#### WORK INSTRUCTIONS:
There is material below. Print exactly the lines starting at the line with "Håndlavet knagerække med" and ending at the line with "Among the many", ends included, and no others.

#### MATERIAL PROVIDED:
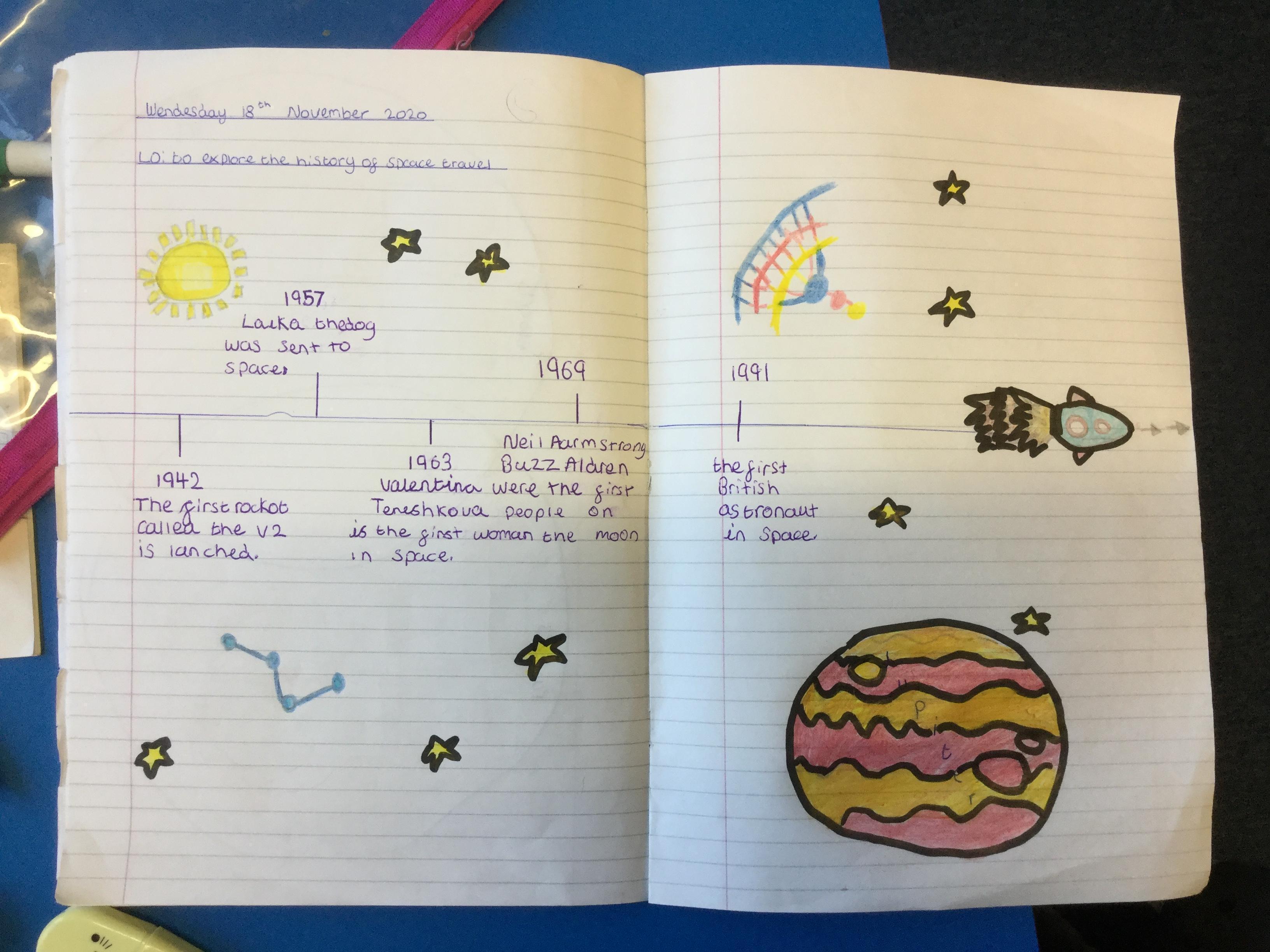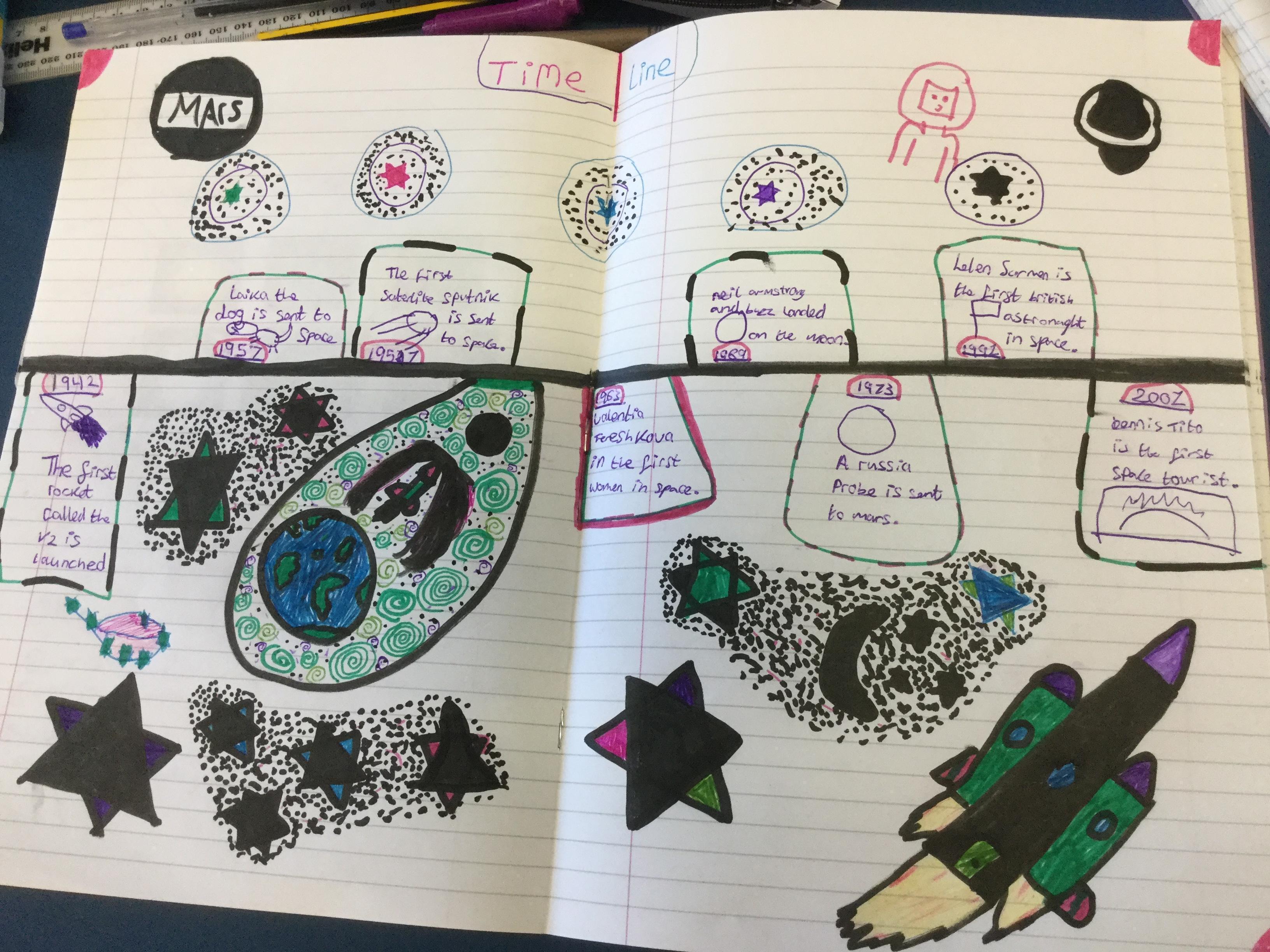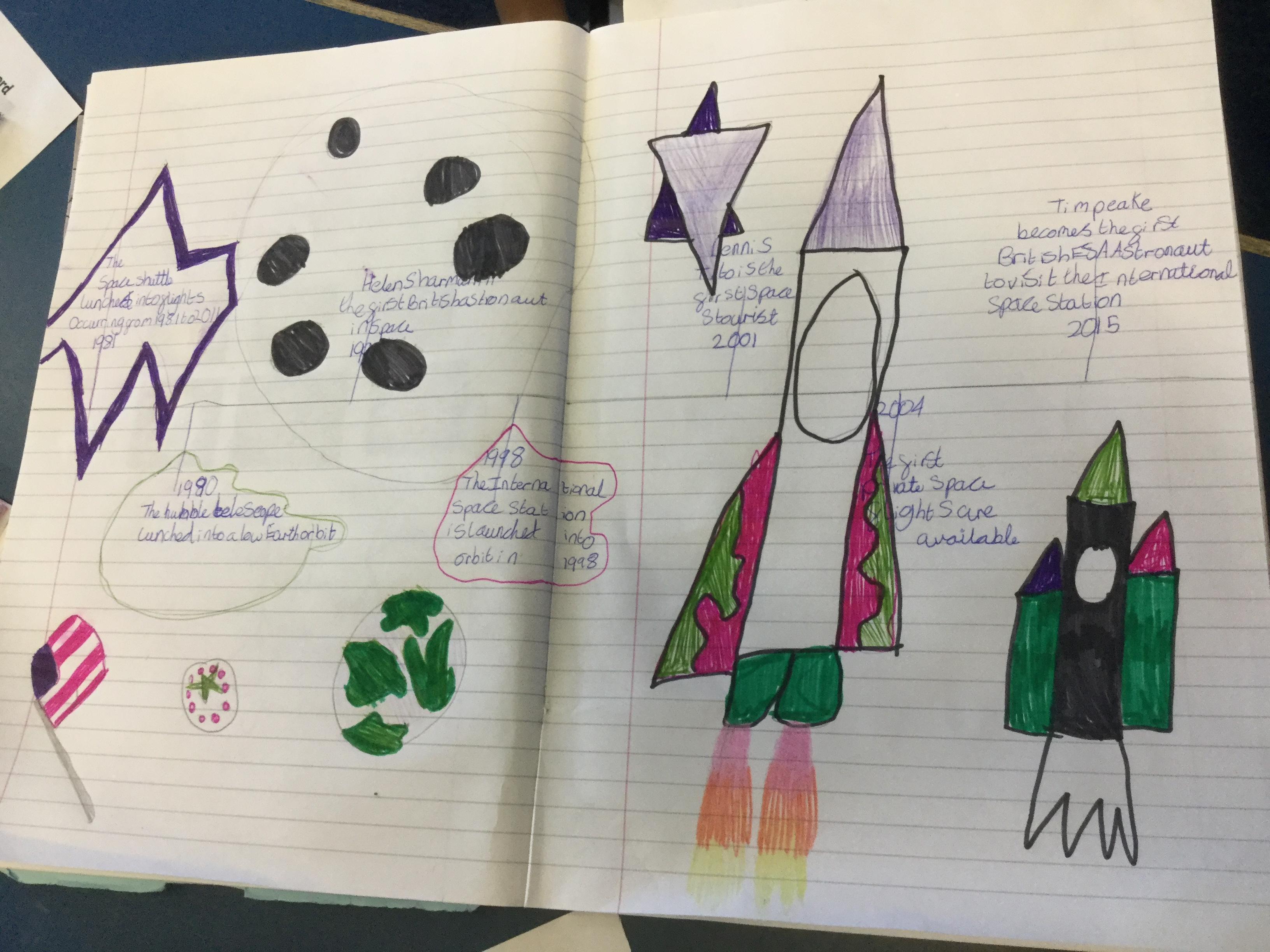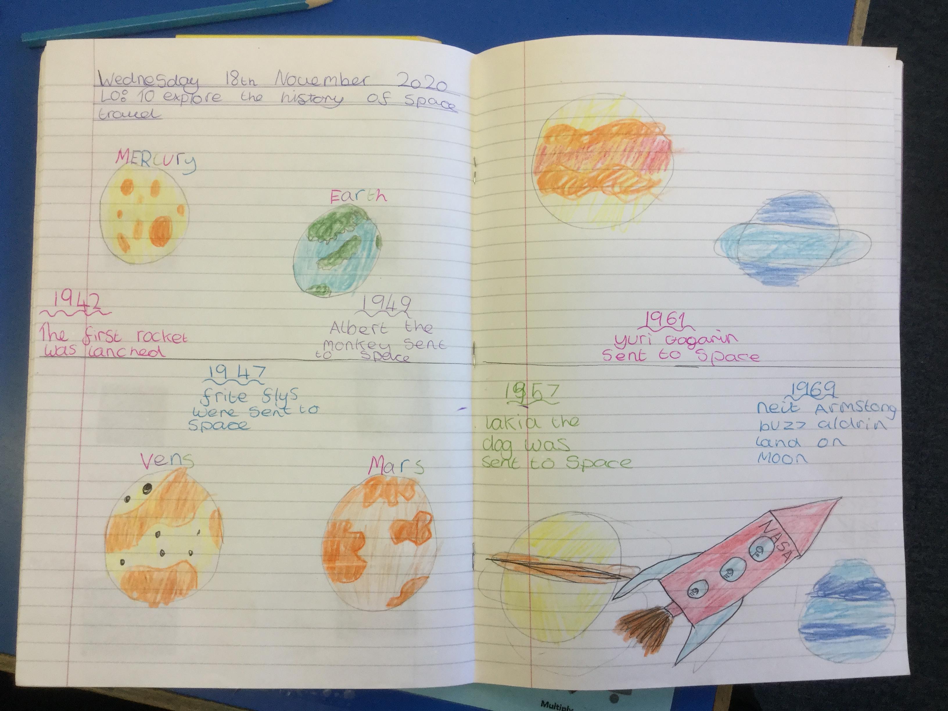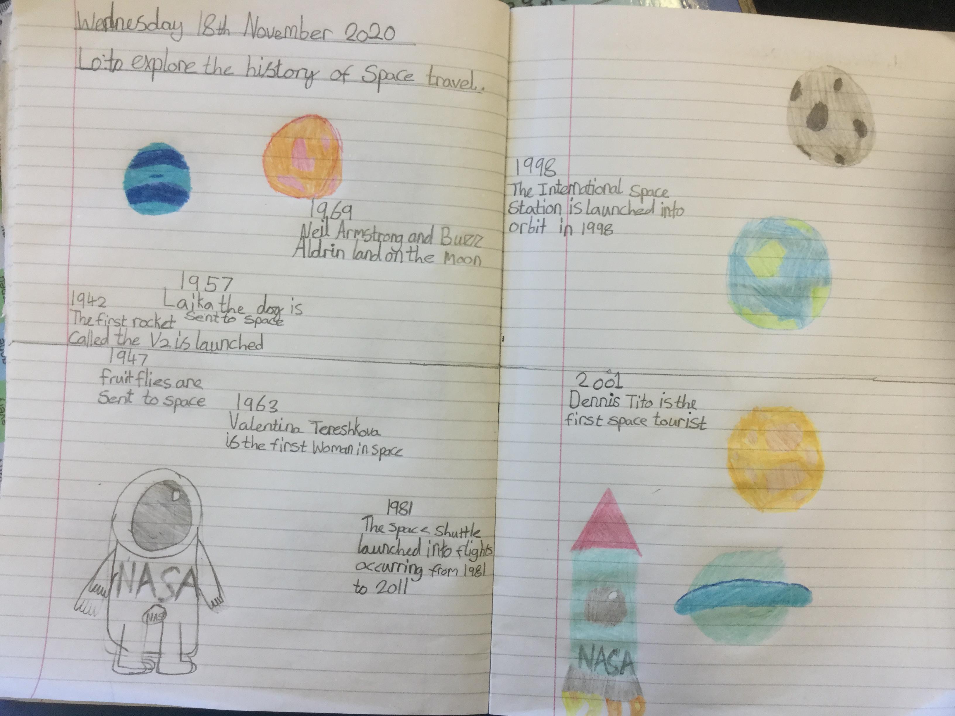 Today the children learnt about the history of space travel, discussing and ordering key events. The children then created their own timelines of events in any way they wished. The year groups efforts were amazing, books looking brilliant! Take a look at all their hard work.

==

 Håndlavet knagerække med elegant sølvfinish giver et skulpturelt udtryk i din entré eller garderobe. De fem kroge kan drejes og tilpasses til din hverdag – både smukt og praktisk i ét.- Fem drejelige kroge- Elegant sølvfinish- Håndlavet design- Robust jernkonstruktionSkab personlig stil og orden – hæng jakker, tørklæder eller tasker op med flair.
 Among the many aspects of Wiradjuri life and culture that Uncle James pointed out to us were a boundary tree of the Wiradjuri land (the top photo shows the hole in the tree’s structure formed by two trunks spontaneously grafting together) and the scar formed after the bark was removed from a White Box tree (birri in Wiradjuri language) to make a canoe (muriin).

#### FINAL ANSWER:
 Håndlavet knagerække med elegant sølvfinish giver et skulpturelt udtryk i din entré eller garderobe. De fem kroge kan drejes og tilpasses til din hverdag – både smukt og praktisk i ét.- Fem drejelige kroge- Elegant sølvfinish- Håndlavet design- Robust jernkonstruktionSkab personlig stil og orden – hæng jakker, tørklæder eller tasker op med flair.
 Among the many aspects of Wiradjuri life and culture that Uncle James pointed out to us were a boundary tree of the Wiradjuri land (the top photo shows the hole in the tree’s structure formed by two trunks spontaneously grafting together) and the scar formed after the bark was removed from a White Box tree (birri in Wiradjuri language) to make a canoe (muriin).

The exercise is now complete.